Hello and welcome to NewsHour live from the BBC World Service in London.
I'm Rebecca Kesby.
In less than 24 hours, Presidents Trump and Putin will take part in an historic summit in Alaska,
beginning with a breakfast meeting, we're told.
Mr Putin doesn't leave Russia very often.
There are 124 countries in the world where border officials would be obliged to arrest him
if he arrived there.
Those are countries that are signatories to the Rome Statute of the International Criminal Court.
The ICC has an arrest warrant out on Vladimir Putin.
It alleges that there are reasonable grounds to believe Mr Putin Putin bears individual criminal responsibility for the unlawful deportation of children from Ukraine to Russia.
That would be a war crime.
We'll look in detail at Ukraine's missing children in a moment.

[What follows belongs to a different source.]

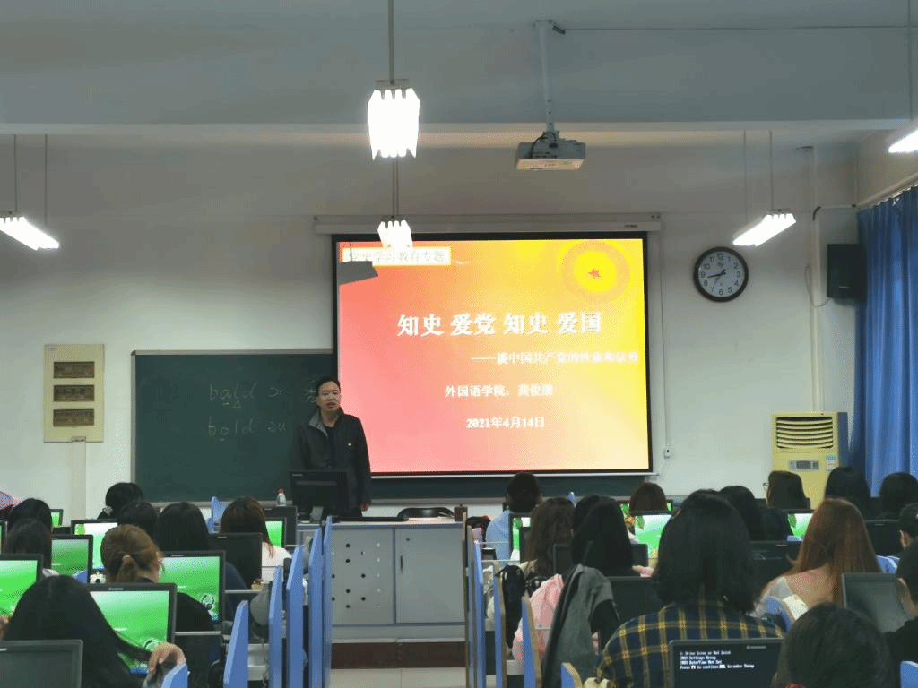 4月14日上午,外国语学院党委副书记龚俊朋以“知史爱党,知史爱国”为主题为全体入党积极分子上了一堂生动的党课。

Luckily though for Mr Putin the United States did not sign up to the Rome Statute so these face-to-face talks with Mr Trump can happen on US soil.
There's a lot at stake.
Mr Trump is keen to play peacemaker and get a ceasefire in eastern Ukraine.
Mr Putin Putin is under pressure to prove he's serious about ending the war.
This is what he had to say this morning.
I would like to tell you about the stage we are at with the current American administration which as everyone here knows is making in my opinion quite energetic and sincere efforts to stop the fighting.
end the crisis and reach agreements of interest to all parties involved in this conflict.
But Ukraine's President Volodymyr Zelensky has not been invited to Alaska.